Once we were Programmers. Maybe our last best hope is a movie.
Common Lisp is a big-city language. Spit out the hayseed, pronounce "shit" with one syllable and "shotgun" with two. You're not in Kansas, anymore. C is the language of the poor farmer village where the allocation of every seed and livestock matters, where taxes are low and public service non-existent. Appreciating the value of a large language is evidently hard for many people, just like many people find themselves miserable in the big city and go to great lengths to create a small village for themselves in the city where everything is like it used to be where they came from.
People search for the meaning of life, but this is the easy question: we are born into a world that presents us with many millenia of collected knowledge and information, and all our predecessors ask of us is that we not waste our brief life ignoring the past only to rediscover or reinvent its lessons badly.
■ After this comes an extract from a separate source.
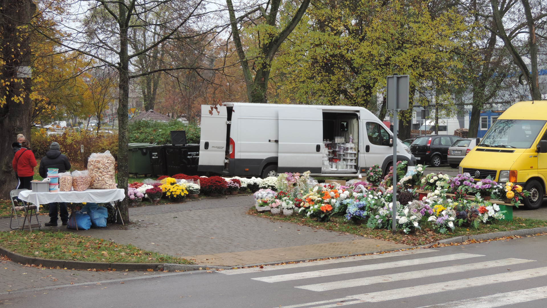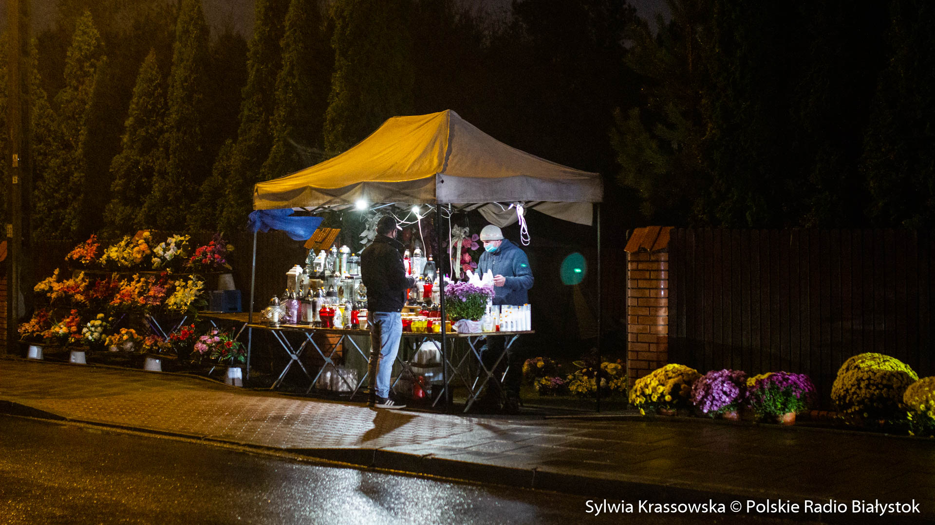 Także nieliczni sprzedawcy chryzantem i zniczy zdecydowali się dziś na handel przed cmentarnymi bramami.

The secret to feeling great about yourself is not to be found in searching for people who are less than you and then show yourself superior to them, but in searching for people who are more than you and then show yourself worthy of their company.
The novice-friendly software is more like a misbehaving dog: it shits on the floor, it destroys things, and stinks – the novice-friendly software embodies the opposite of what computer people have dreamed of for decades: artificial stupidity. It's more human.
It's not that Perl programmers are idiots, it's that the language rewards idiotic behavior in a way that no other language or tool has ever done.
Like many older fans of Free Software and Open Source, I have discovered that it is really only free in the sense that the time you spend on it is worthless.
Elegance is necessarily unnatural, only achieveable at great expense. If you just do something, it won't be elegant, but if you do it and then see what might be more elegant, and do it again, you might, after an unknown number of iterations, get something that is very elegant.
If car manufacturers made cars according to spec the same way software vendors make software according to spec, all five wheels would be of widely differing sizes, it would take one person to steer and another to work the pedals and yet another to operate the user-friendly menu-driven dashboard, and if it would not drive straight ahead without a lot of effort, civil engineers would respond by building spiraling roads around each city.